Task item — The line with "Прогноз магнитных бурь" marks where to begin; print it and all lines after it in the material below exactly, skipping pictures.

Supplied information —
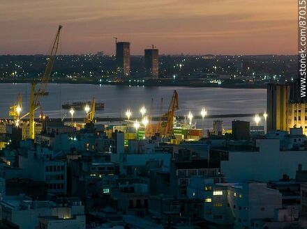 Vista aérea de la Ciudad Vieja, bahía y el barrio La Teja al alba | Foto #87015
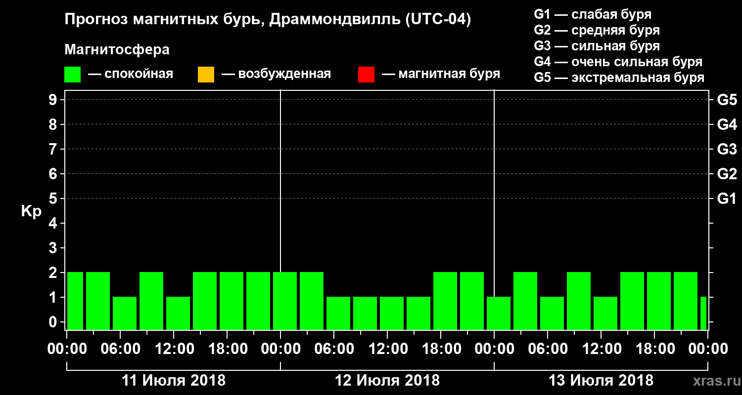 Прогноз магнитных бурь в Драммондвилле — 11 июля 2018 года
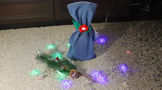 Берём старые джинсы и бутылку с напитком (идём вручать подарок)

Answer to the problem —
 Прогноз магнитных бурь в Драммондвилле — 11 июля 2018 года
 Берём старые джинсы и бутылку с напитком (идём вручать подарок)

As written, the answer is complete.